══ Dataset content ══
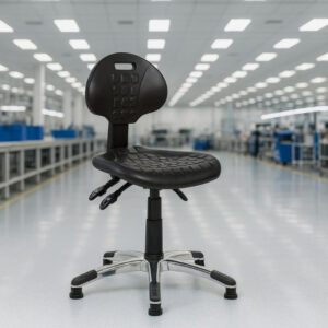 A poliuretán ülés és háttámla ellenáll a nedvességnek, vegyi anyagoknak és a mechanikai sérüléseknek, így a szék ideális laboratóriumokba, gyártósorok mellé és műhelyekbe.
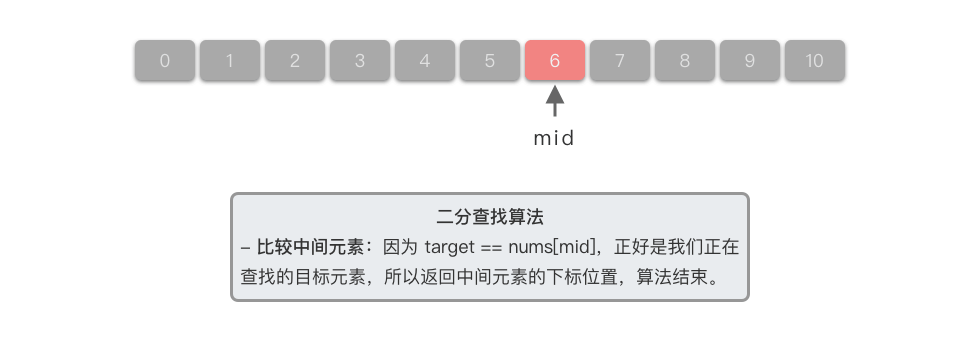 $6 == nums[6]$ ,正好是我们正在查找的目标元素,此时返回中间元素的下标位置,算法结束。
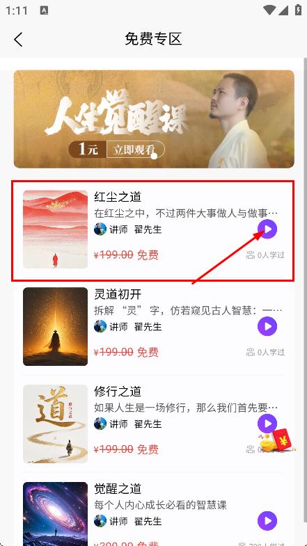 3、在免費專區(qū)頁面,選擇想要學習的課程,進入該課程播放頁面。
═══
Description of the task -> Please return the whole listing exactly. Do not copy its images.

Your solution ->
 A poliuretán ülés és háttámla ellenáll a nedvességnek, vegyi anyagoknak és a mechanikai sérüléseknek, így a szék ideális laboratóriumokba, gyártósorok mellé és műhelyekbe.
 $6 == nums[6]$ ,正好是我们正在查找的目标元素,此时返回中间元素的下标位置,算法结束。
 3、在免費專區(qū)頁面,選擇想要學習的課程,進入該課程播放頁面。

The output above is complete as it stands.